More recently, Bareinboim has been investigating how causal inference can help to improve decision-making in complex systems (including classic reinforcement learning settings), and also how to construct human-friendly explanations for large-scale societal problems, including fairness analysis in automated systems.

Bareinboim is the recipient of the NSF Faculty Early Career Development (CAREER) Award, IEEE AI’s 10 to Watch, and a number of best paper awards. Later this year, he will be teaching a causal inference class intended to train the next generation of causal inference researchers and data scientists. Bareinboim directs the Causal Artificial Intelligence Lab, which currently has open positions for Ph.D. students and Postdoctoral scholars.


Brian Smith
Assistant Professor
PhD, Computer Science, Columbia University, 2018
MPhil, Computer Science, Columbia University, 2015
MS, Computer Science, Columbia University, 2011
BS, Computer Science, Columbia University, 2009

Brian Smith’s interests lie in human-computer interaction (HCI) and creating computers that can help people better experience the world. His past research on video games for the visually impaired was featured in Quartz, TechCrunch, the Huffington Post, among others.

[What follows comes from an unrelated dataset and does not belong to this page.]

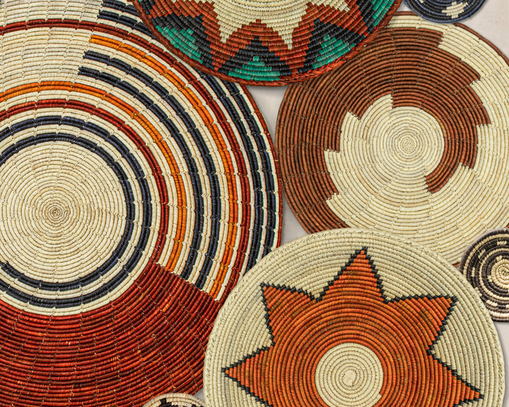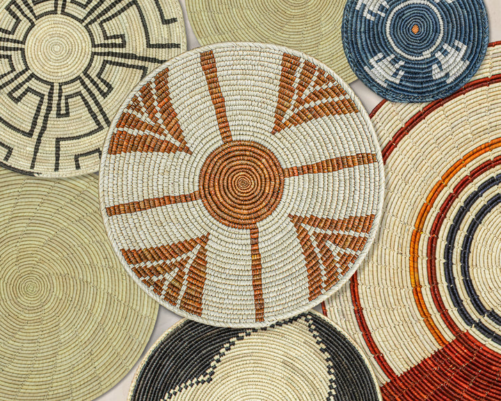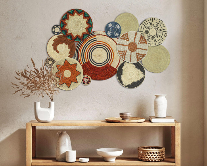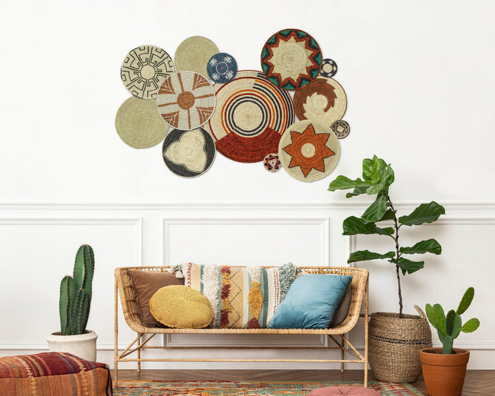 Each basket in this set is uniquely woven by skilled artisans, ensuring one-of-a-kind patterns and intricate details that add depth and character to any space. Whether you arrange them as a statement wall display, use them as tabletop decor, or incorporate them into a gallery wall, these baskets effortlessly enhance Boho, farmhouse, rustic, and modern interiors.

Smith has spent the last year at Snap Research (Snap is best known for Snapchat) developing new concepts in human–computer interaction (HCI), games, social computing, and augmented reality. He will continue to work on projects with Snap while at Columbia.

He comes back to the department as an assistant professor and is set to teach a class on user interface design this fall. That class had a waitlist of 235 students hoping to be part of the class. Smith shared that back when he was a student, there were only 35 students in the class he was enrolled in. “There is definitely more interest in computer science now compared to even five years ago,” he said.

Smith hopes to start a HCI group and is looking for PhD students. He encourages students from underrepresented groups to apply.


Shuran Song
Assistant Professor
PhD, Computer Science, Princeton University, 2018
MS, Computer Science, Princeton University, 2015
BEng, Computer Engineering, Hong Kong University of Science and Technology, 2013

Shuran Song is interested in artificial intelligence with an emphasis on computer vision and robotics. The goal of her research is to enable machines to perceive and understand their environment in a way that allows them to intelligently operate and assist people in the physical world. 

Previously, Song worked at Google Brain Robotics as a researcher and developed TossingBot, a robot that learns to how to accurately throw arbitrary objects through self-supervised learning.  

This fall, she is teaching a seminar class on robot learning. Song currently has one PhD student who is working on active perception — enabling robots to learn from their interactions with the physical world, and autonomously acquire the perception and manipulation skills necessary to execute complex tasks. She is looking for more students who are interested in machine learning for vision and robotics.